There are still better and worse ways to frame an issue. Simply asking who is a lot of the benefit; if you speak in terms of rights and always consider whose responsibility is (proximally and ultimately) to guarantee that those rights are fulfilled, that's a lot of the benefit.
But there's a key difference between Alice and Bob's conversations even as you portrayed them. In the first, Bob rejected the entire idea of food security. In the second, Bob only rejected the idea that everyone had the responsibility to feed everyone else.
If Bob had said, "Nobody has the responsibility to give anyone else food," then Alice could quickly have pointed out that parents have that responsibility with respect to their children.
If Bob had said, "Nobody has the responsibility to give any adult food," then Alice could have questioned whether if Carl was here, and starving, Bob and Alice should not try to help him?

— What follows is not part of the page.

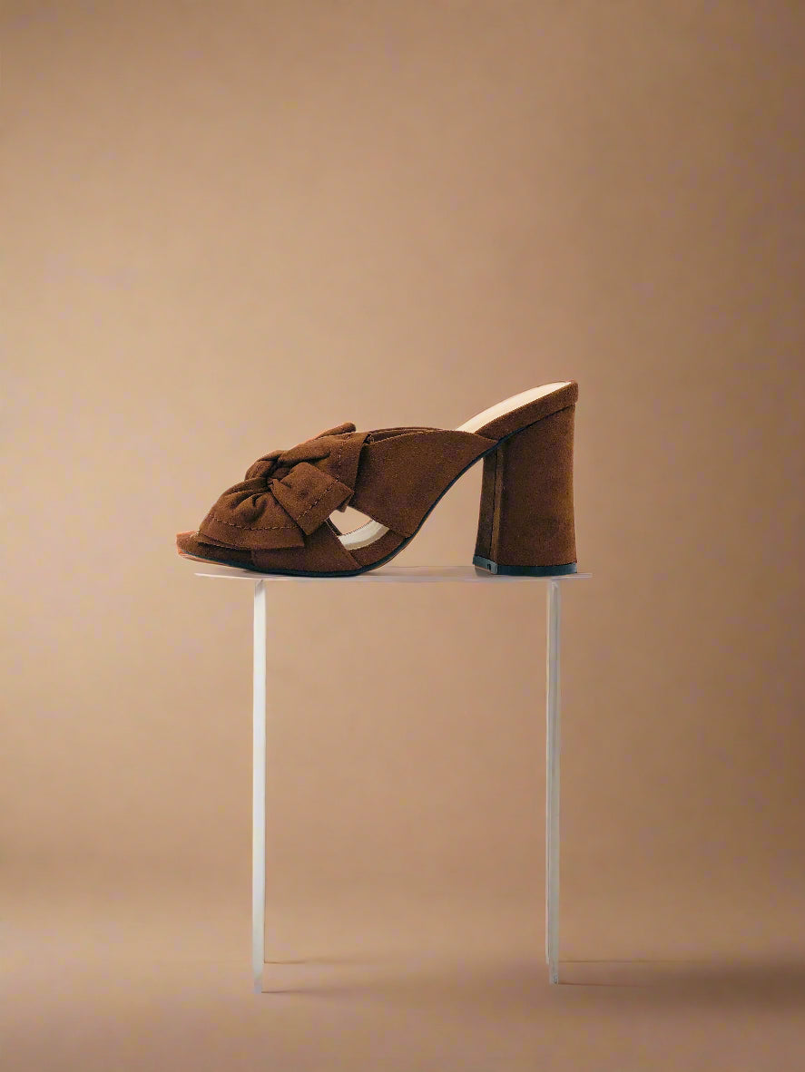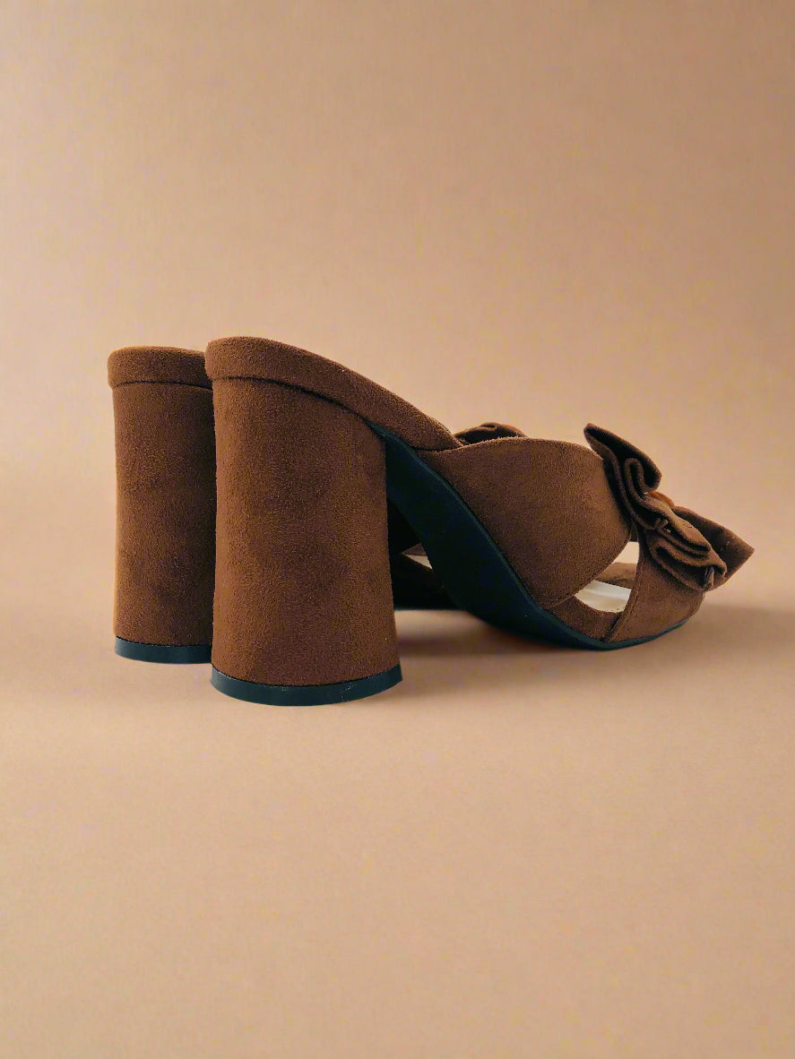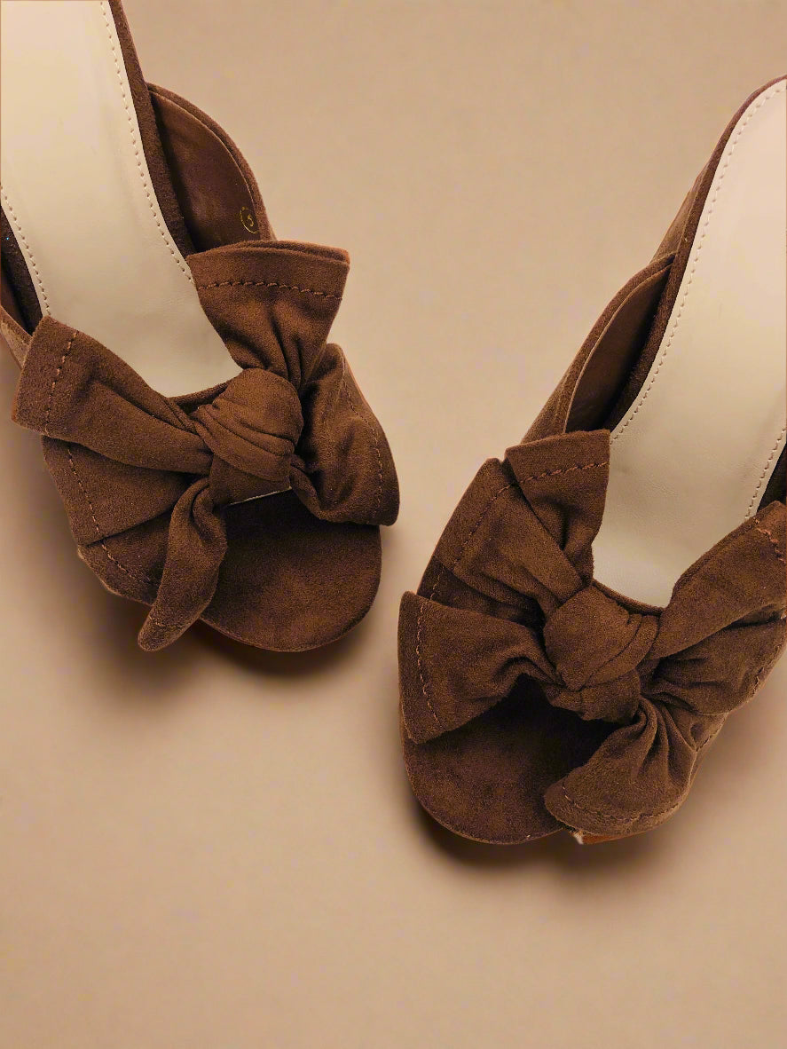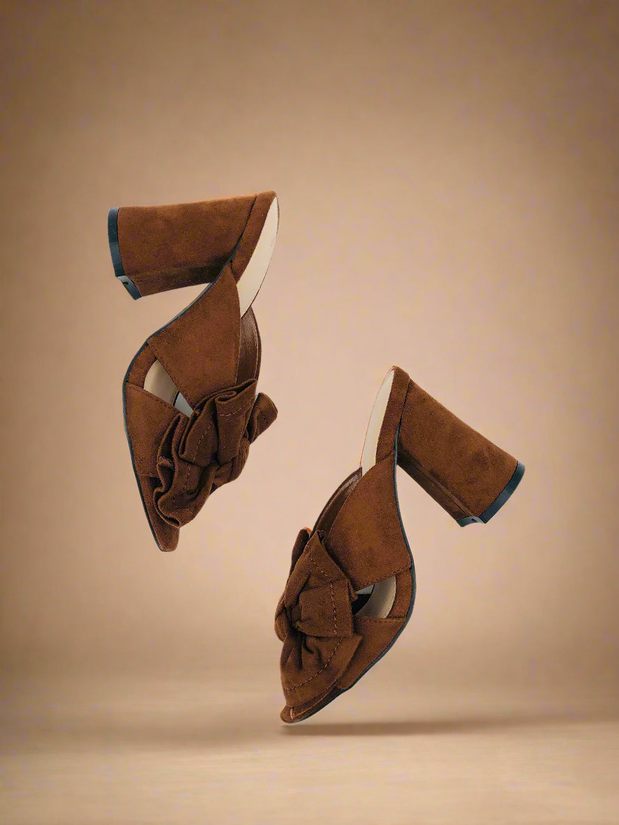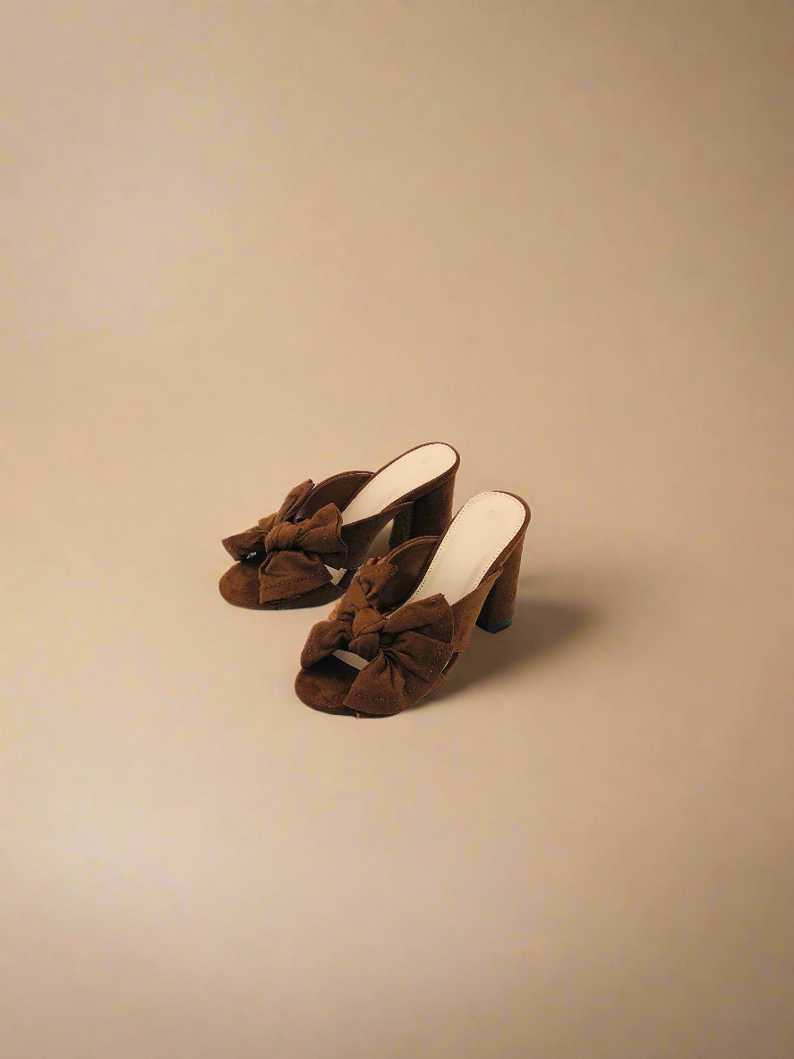Fashionable brown velvet mules with an oversized bow and a thick high-heeled sole, adding a touch of whimsical elegance to any evening ensemble.

Bob could adamantly say, "No, let Carl starve."
Then, at least, the heartlessness of Bob's position is clear.
But Bob has to confront it head-on. "I disagree that everybody has that right." let him escape from confronting it quite so directly.
On the other hand, when Alice says something like, "Every person has a responsibility to feed every other person, for free if need be," then Bob can quite sensibly reply, "That's crazy--if the whole world stops making food and comes to me, why should I have to starve myself to reward their foolishness?"
And so Alice's position is also revealed to be problematic.
I just think the discussions end up being far more productive.